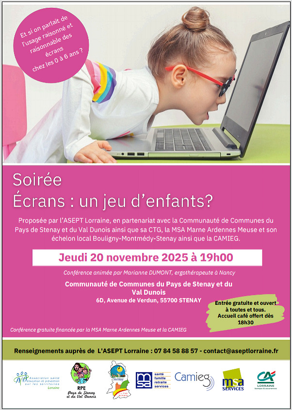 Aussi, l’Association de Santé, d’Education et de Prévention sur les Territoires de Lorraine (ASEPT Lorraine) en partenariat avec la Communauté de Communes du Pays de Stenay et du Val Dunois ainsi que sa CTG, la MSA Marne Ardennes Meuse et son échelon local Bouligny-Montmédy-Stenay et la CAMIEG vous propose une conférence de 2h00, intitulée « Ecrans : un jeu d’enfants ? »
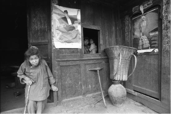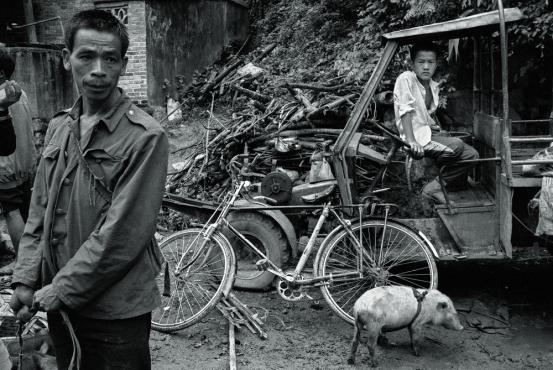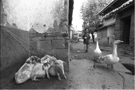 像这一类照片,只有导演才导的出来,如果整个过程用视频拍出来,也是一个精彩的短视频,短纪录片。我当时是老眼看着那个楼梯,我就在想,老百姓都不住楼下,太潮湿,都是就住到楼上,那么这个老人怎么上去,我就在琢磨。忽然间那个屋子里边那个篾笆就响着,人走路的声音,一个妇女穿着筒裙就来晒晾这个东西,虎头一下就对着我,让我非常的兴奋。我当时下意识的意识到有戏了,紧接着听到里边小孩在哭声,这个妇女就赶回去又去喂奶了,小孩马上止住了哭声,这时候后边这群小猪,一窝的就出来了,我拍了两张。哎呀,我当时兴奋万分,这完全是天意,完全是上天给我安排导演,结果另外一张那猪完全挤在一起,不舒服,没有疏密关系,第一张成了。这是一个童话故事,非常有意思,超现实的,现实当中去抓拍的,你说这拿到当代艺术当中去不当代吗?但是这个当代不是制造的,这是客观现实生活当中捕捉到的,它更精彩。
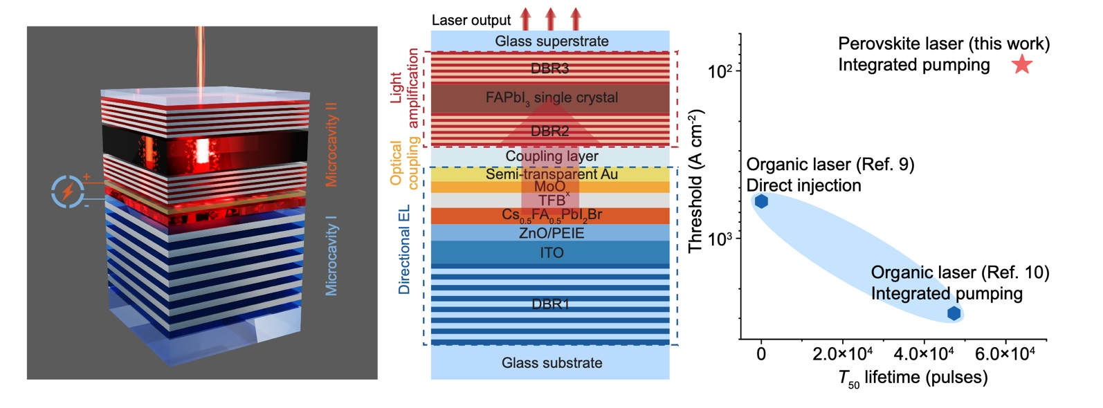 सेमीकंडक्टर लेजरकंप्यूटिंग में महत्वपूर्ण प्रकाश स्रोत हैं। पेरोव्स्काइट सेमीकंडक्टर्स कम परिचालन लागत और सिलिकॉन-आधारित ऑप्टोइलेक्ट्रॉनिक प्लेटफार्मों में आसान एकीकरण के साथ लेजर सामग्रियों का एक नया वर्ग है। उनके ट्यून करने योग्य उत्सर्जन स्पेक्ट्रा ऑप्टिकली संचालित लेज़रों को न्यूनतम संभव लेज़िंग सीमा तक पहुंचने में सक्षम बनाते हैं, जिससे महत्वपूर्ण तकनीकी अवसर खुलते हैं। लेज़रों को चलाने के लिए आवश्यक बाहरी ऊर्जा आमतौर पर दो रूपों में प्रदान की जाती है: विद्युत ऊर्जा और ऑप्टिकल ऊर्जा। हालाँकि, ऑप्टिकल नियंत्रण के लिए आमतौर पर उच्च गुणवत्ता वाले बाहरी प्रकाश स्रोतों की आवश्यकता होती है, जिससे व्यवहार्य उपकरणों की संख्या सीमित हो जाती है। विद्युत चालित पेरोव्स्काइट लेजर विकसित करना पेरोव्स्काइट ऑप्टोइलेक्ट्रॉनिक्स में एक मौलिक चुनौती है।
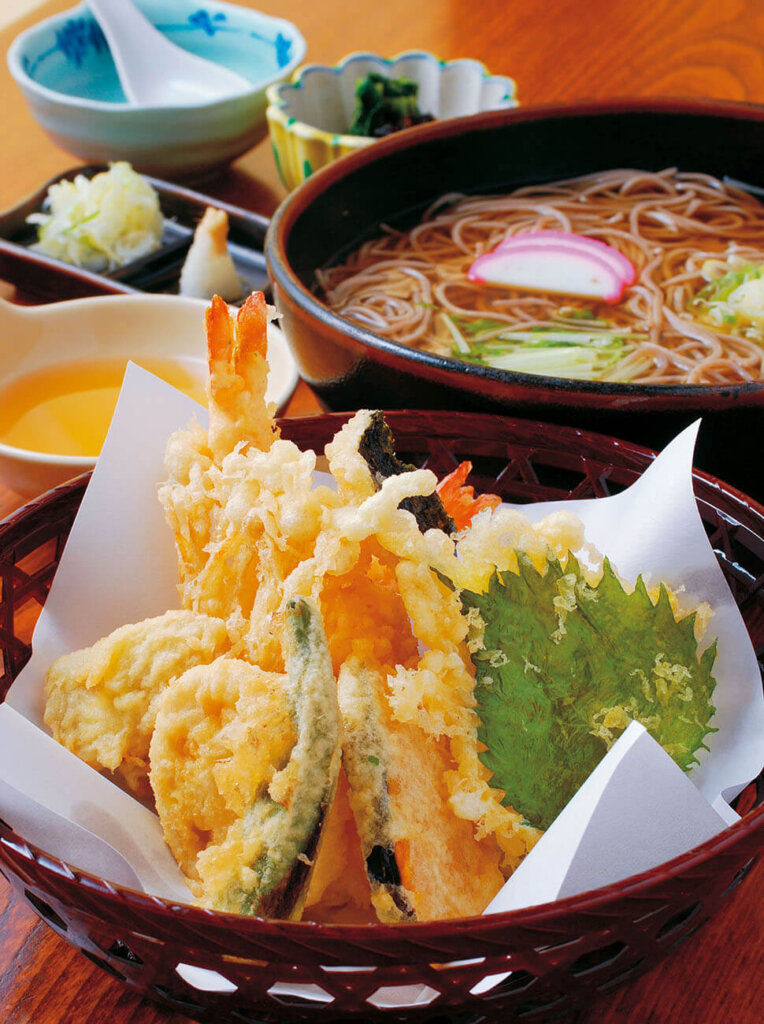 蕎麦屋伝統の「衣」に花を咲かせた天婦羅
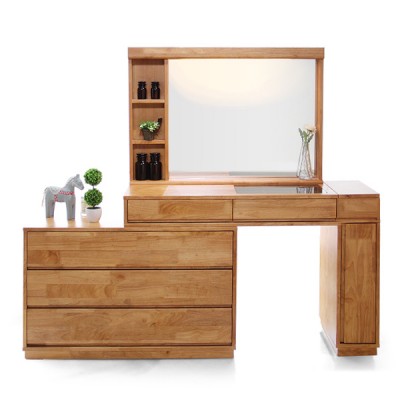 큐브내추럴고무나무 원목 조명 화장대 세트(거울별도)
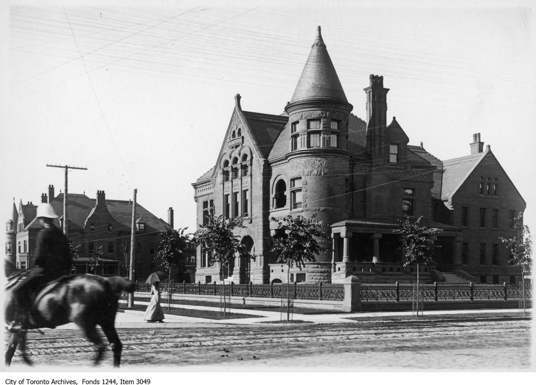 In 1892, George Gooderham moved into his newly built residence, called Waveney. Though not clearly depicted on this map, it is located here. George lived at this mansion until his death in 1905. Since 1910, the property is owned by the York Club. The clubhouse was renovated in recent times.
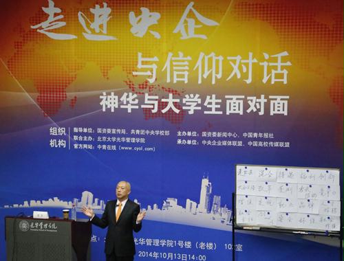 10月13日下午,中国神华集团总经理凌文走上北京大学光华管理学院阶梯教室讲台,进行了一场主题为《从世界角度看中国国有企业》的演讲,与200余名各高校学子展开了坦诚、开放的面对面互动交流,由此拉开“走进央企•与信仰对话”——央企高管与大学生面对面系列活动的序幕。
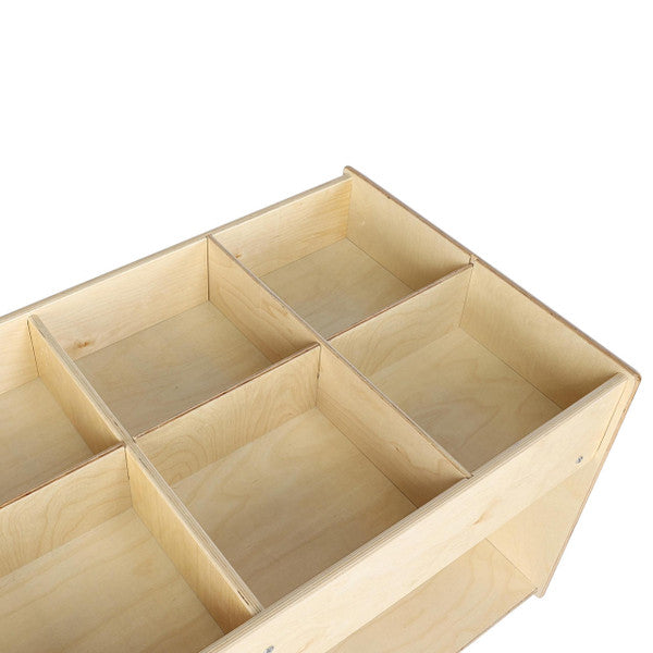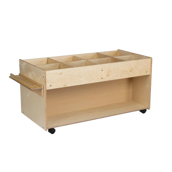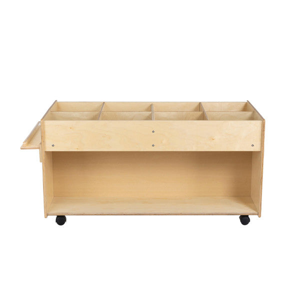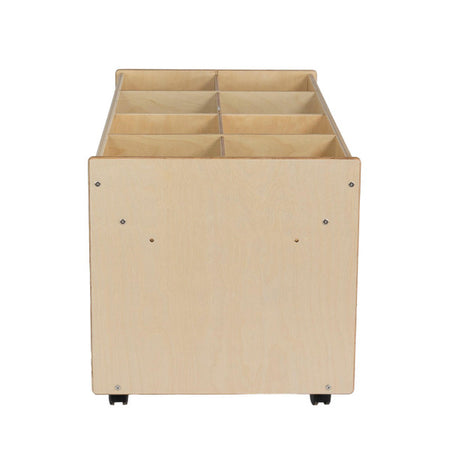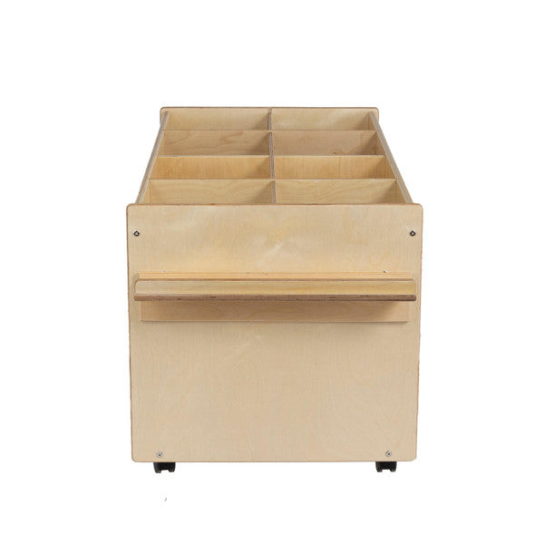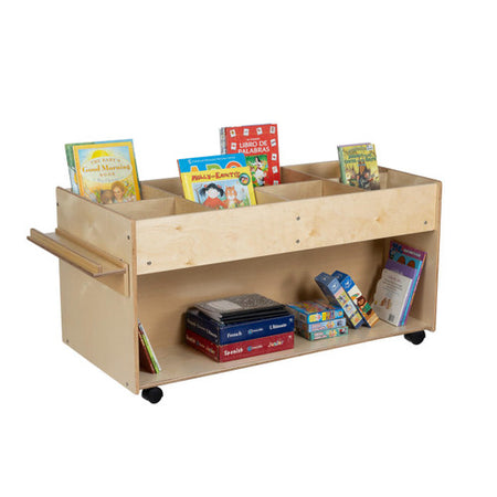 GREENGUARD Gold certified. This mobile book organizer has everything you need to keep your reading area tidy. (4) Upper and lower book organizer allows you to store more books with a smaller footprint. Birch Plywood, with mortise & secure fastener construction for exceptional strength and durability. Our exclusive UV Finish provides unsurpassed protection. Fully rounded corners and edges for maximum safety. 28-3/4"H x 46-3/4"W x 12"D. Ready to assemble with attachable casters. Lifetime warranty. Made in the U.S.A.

TASK TO CARRY OUT |
Only the lines from the one with "큐브내추럴고무나무 원목 조명 화장대 세트(거울별도)" through the final line of the data should be written out, exactly and including both ends. Skip the pictures.

YOUR RESPONSE |
 큐브내추럴고무나무 원목 조명 화장대 세트(거울별도)
 In 1892, George Gooderham moved into his newly built residence, called Waveney. Though not clearly depicted on this map, it is located here. George lived at this mansion until his death in 1905. Since 1910, the property is owned by the York Club. The clubhouse was renovated in recent times.
 10月13日下午,中国神华集团总经理凌文走上北京大学光华管理学院阶梯教室讲台,进行了一场主题为《从世界角度看中国国有企业》的演讲,与200余名各高校学子展开了坦诚、开放的面对面互动交流,由此拉开“走进央企•与信仰对话”——央企高管与大学生面对面系列活动的序幕。
 GREENGUARD Gold certified. This mobile book organizer has everything you need to keep your reading area tidy. (4) Upper and lower book organizer allows you to store more books with a smaller footprint. Birch Plywood, with mortise & secure fastener construction for exceptional strength and durability. Our exclusive UV Finish provides unsurpassed protection. Fully rounded corners and edges for maximum safety. 28-3/4"H x 46-3/4"W x 12"D. Ready to assemble with attachable casters. Lifetime warranty. Made in the U.S.A.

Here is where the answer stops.